Si l’on regarde de plus près comment les adeptes tirent profit de leur assistant vocal, on constate que dans 82 % des cas, il est utilisé pour de la recherche d’informations : consulter l’actualité, connaître la météo ou demander une recette de cuisine notamment. L’achat de produits ou services arrive en quatrième position (35 %). Si l’étude laisse entendre que les assistants vocaux présentent toutes les propriétés nécessaires pour s’imposer comme l’interface privilégiée entre consommateurs et marques dans les années à venir, il faudra toutefois attendre une évolution des comportements. Pour l’heure, l’usage de ces technologies est surtout répandu aux États-Unis. À noter qu’Alexa, l’assistant vocal développé par Amazon, n’est pas commercialisé en France car il ne parle pas encore français, mais seulement Anglais et Allemand. L’IA du géant américain aurait-elle plus de mal à apprendre la langue de Molière ? Ce n’est pas le cas de l’assistant Google Home – développé par la firme de Mountain View – qui est en vente dans l’hexagone depuis le 3 août 2017.

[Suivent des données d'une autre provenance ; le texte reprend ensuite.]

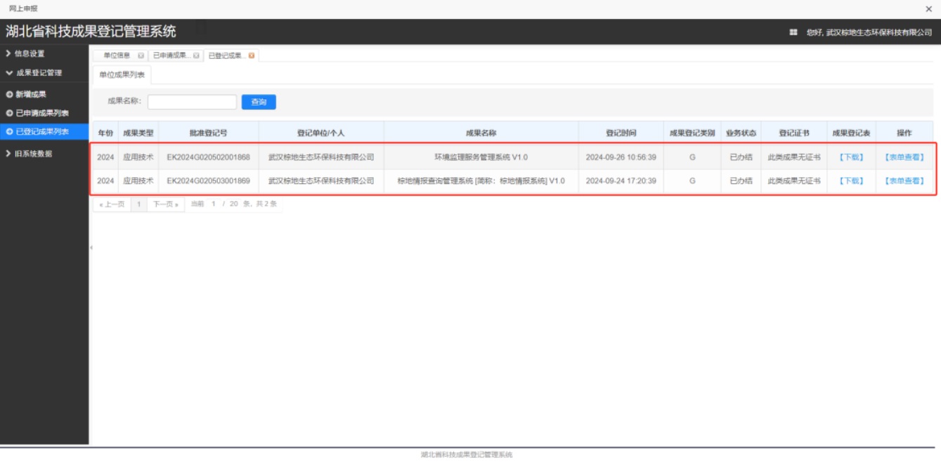 2024年9月24日至26日,我司在武漢市科學(xué)技術(shù)局對(duì)我司獨(dú)立研究的棕地情報(bào)查詢管理系統(tǒng)、環(huán)境監(jiān)理服務(wù)管理系統(tǒng)進(jìn)行了登記。
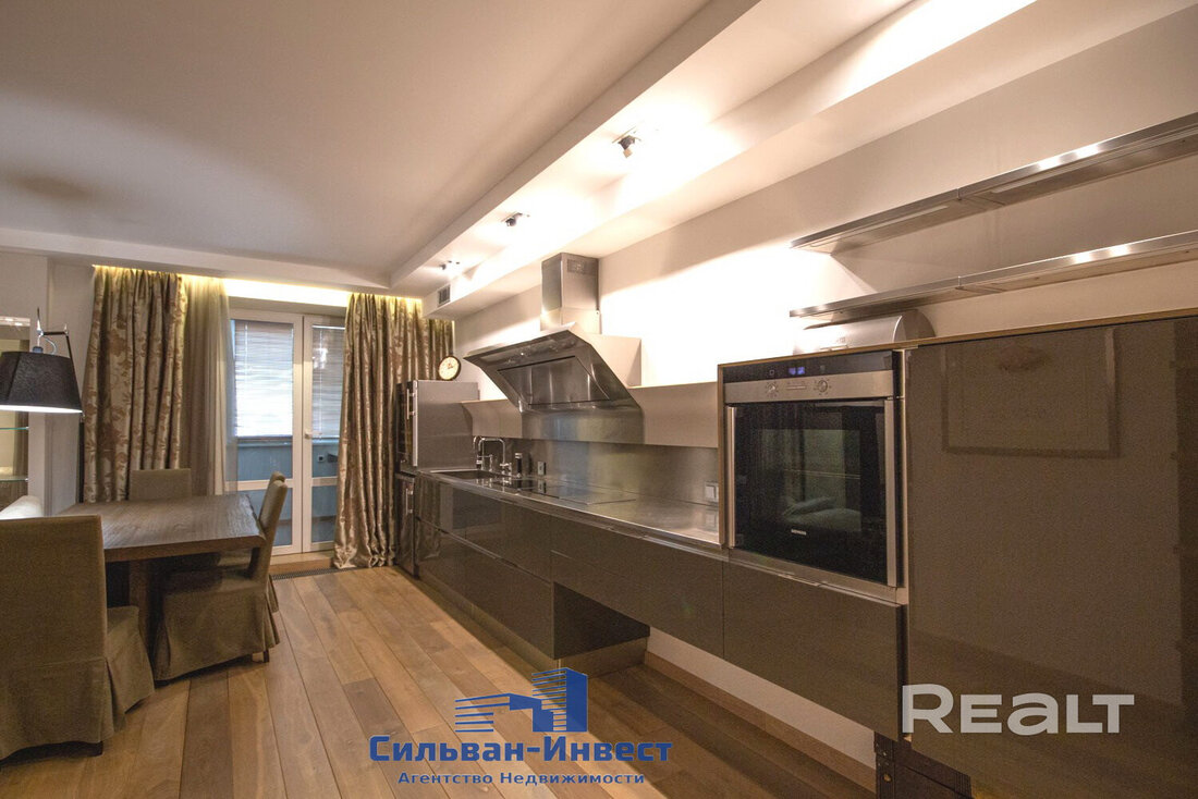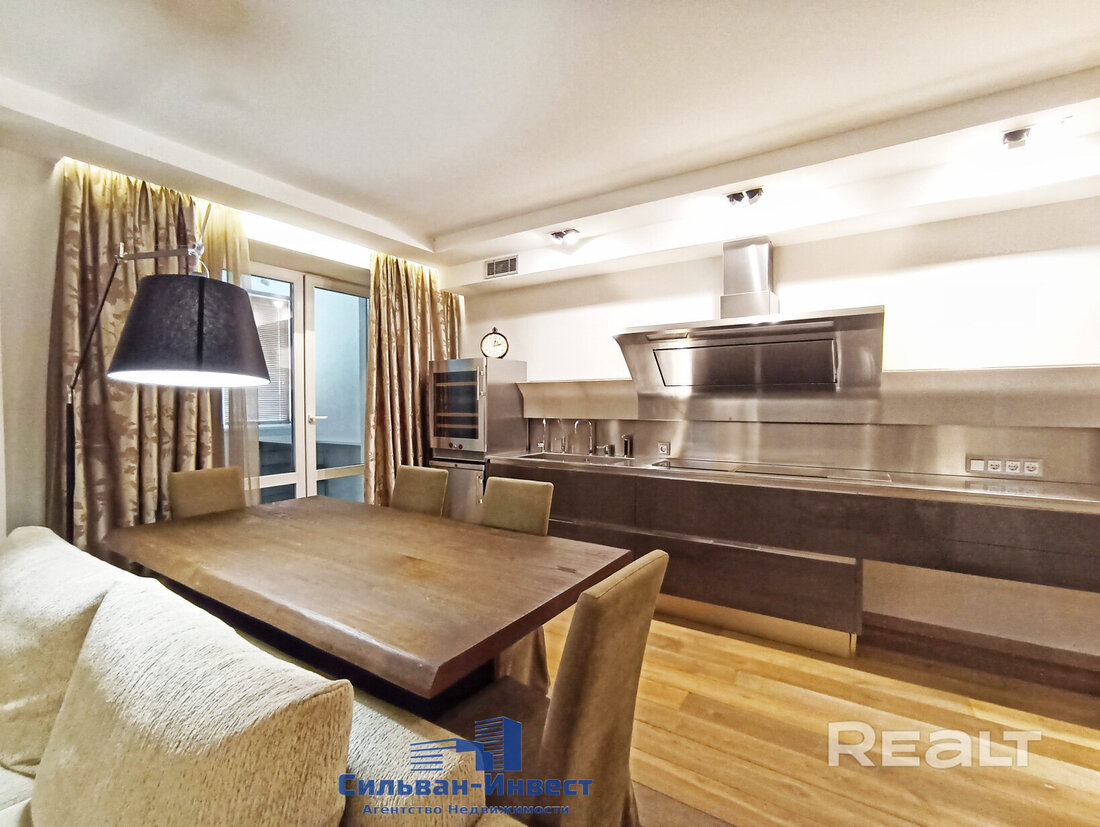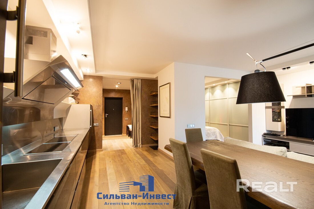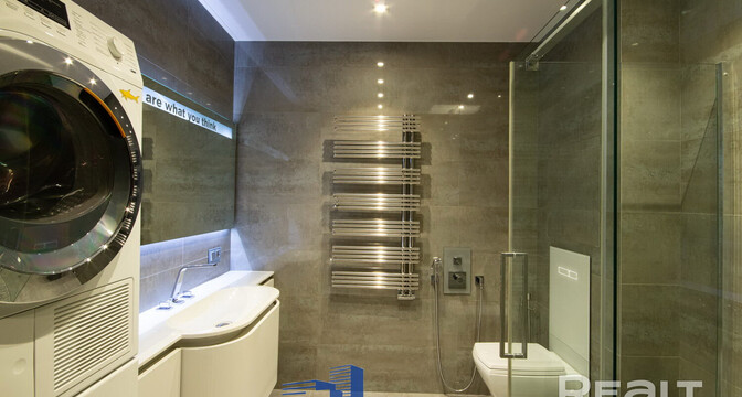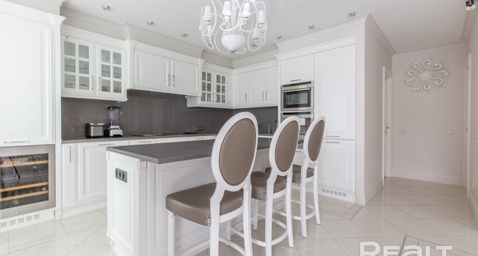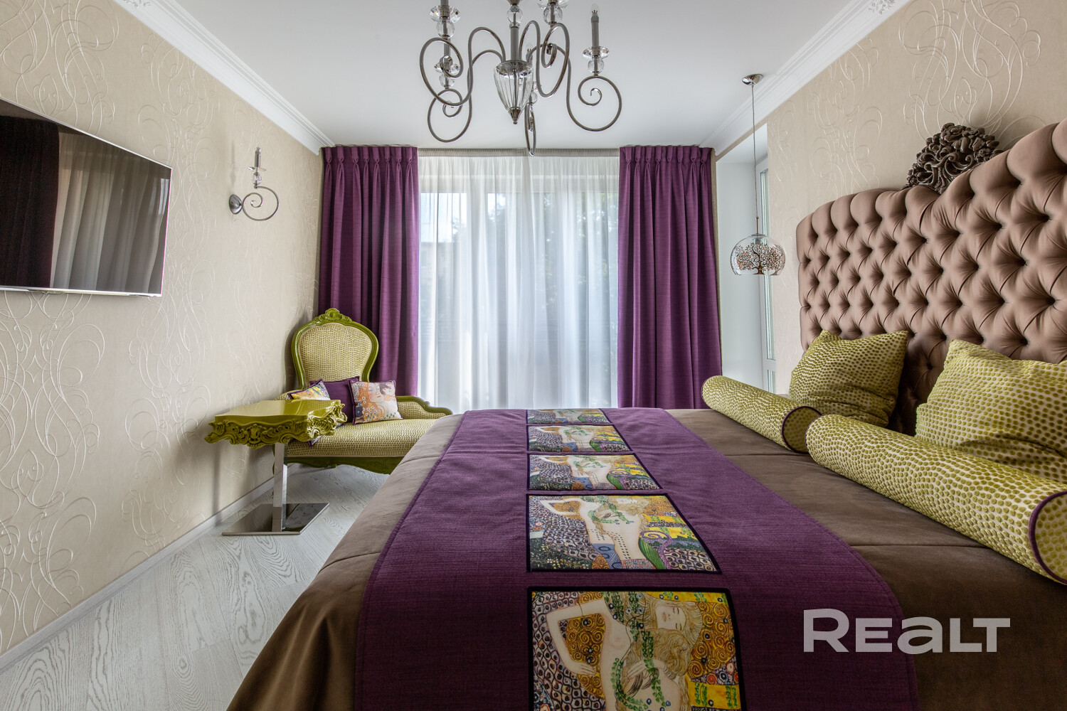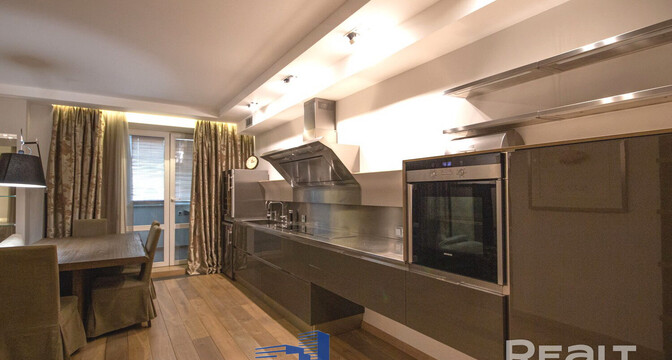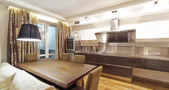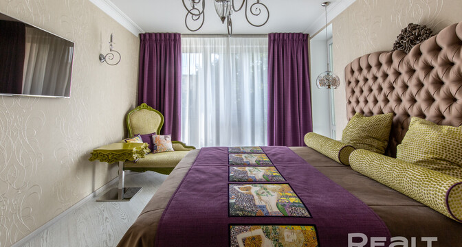 Самый недорогой вариант — квартира «с мужским характером». Общая площадь жилья составляет 55 квадратов. Квартира на первом этаже состоит из кухни-гостиной и отдельной небольшой спальни без окна. В евродвушке выполнен дизайнерский ремонт с использованием импортных материалов. Полы — дубовый паркет, плитка с подогревом. В квартире установлена премиальная бытовая техника — холодильник, морозильник, винный шкаф, варочная панель, стиральная и сушильные машины. Продают квартиру за 190 тысяч долларов (3193 доллара — за метр).
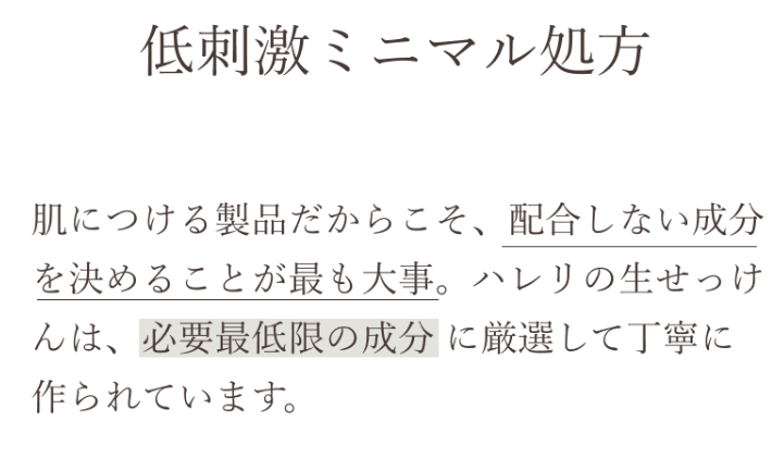 | ハレリを立ち上げた理由 | アトピーなどの肌の悩みをを持つ人が 安心して長く使える信頼のアイテムを提供したいから |
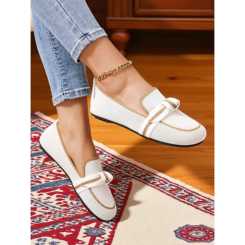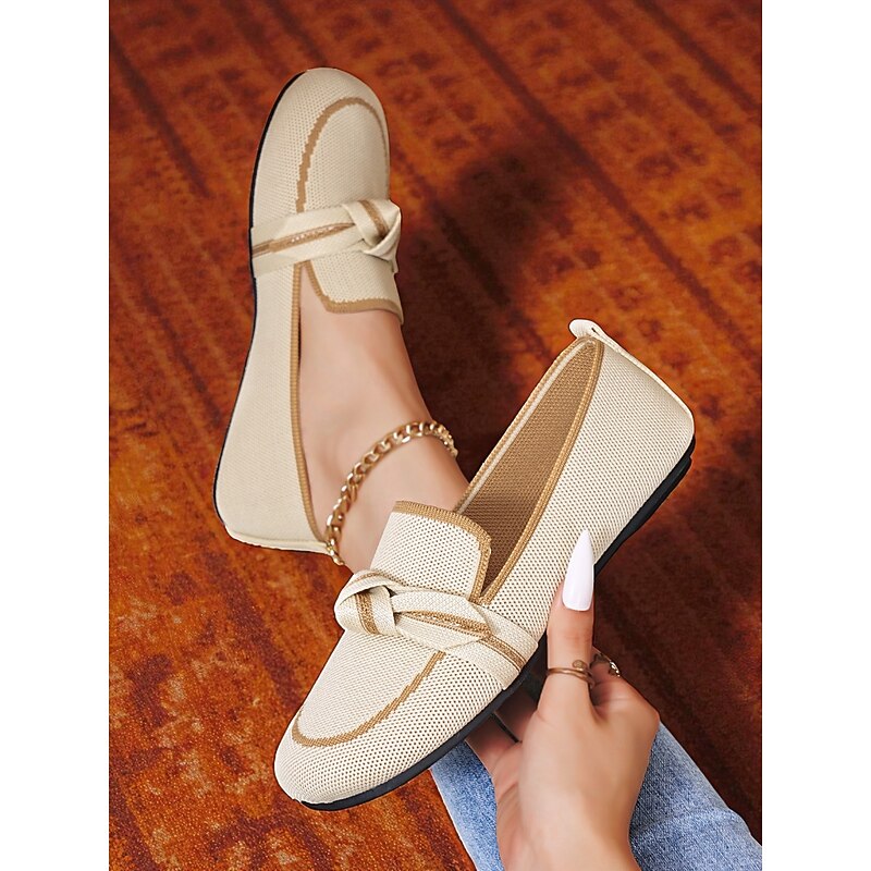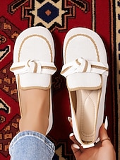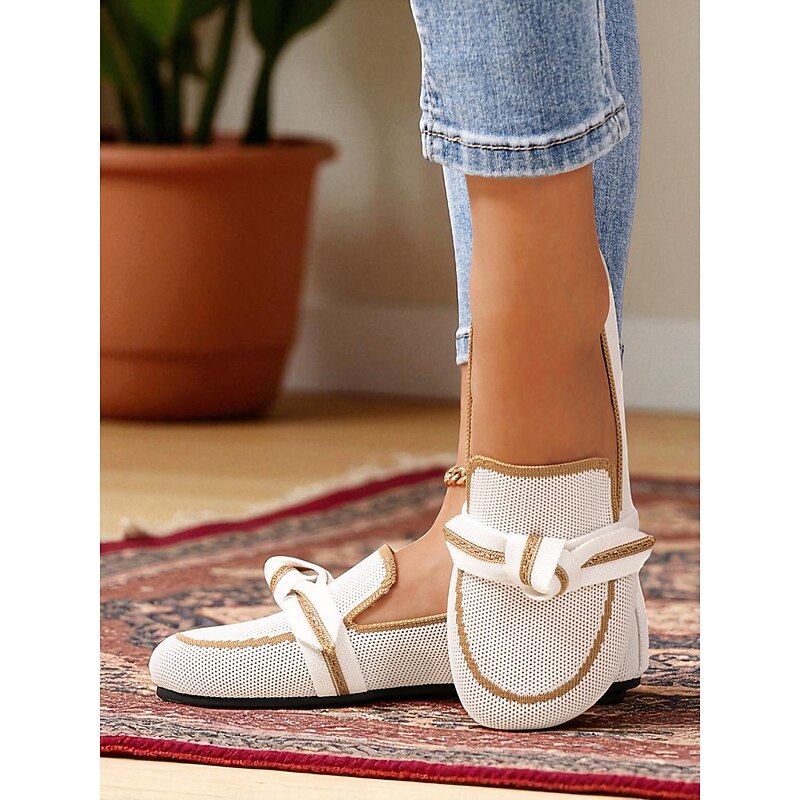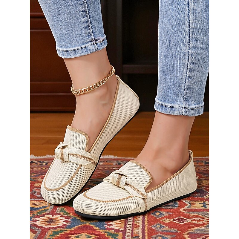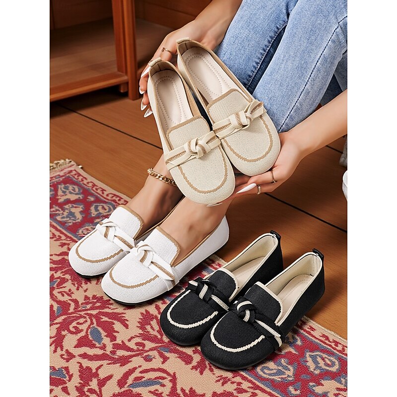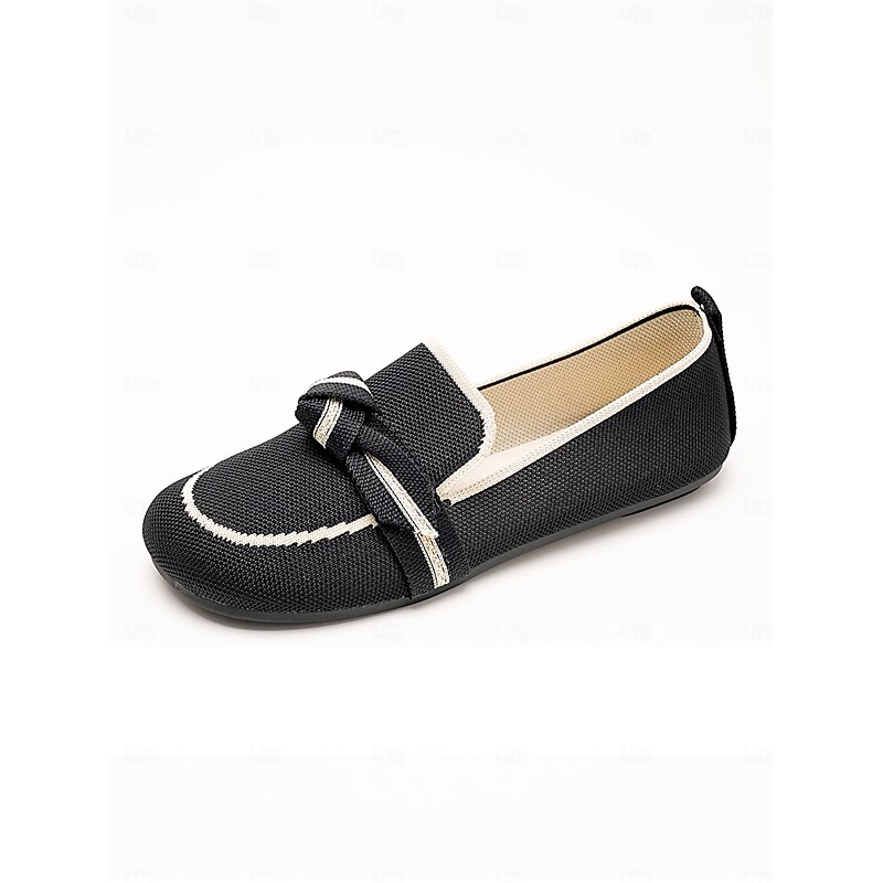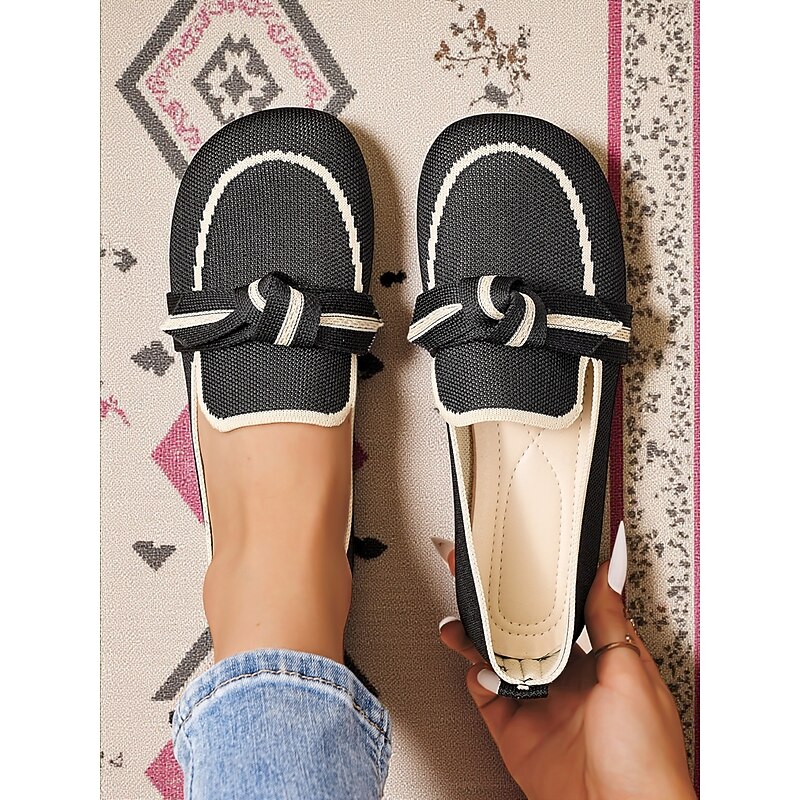 trending ! Women's Wide Width Flyknit Loafers with Knotted Bow – Casual Comfort Flat Shoes for Daily Wear and Travel

Quoi qu’il en soit, si l’étude mise sur la démocratisation rapide des supports vocaux, tout comme les multiples entreprises qui se lancent dans le développement de leur propre interface ou intègrent celles existantes à leur offre de services, pour l’heure, la révolution s’opère timidement. Pour que les prévisions de l’étude se réalisent, les développeurs devront effacer les freins qui animent les non-initiés. 65 % des consommateurs qui n’utilisent pas d’interfaces vocales n’ont pas confiance en celles-ci quant à leur capacité à protéger leurs données personnelles. Autre problématique et non des moindres, 61 % d’entre eux estiment n’avoir aucun intérêt à interagir avec un assistant vocal.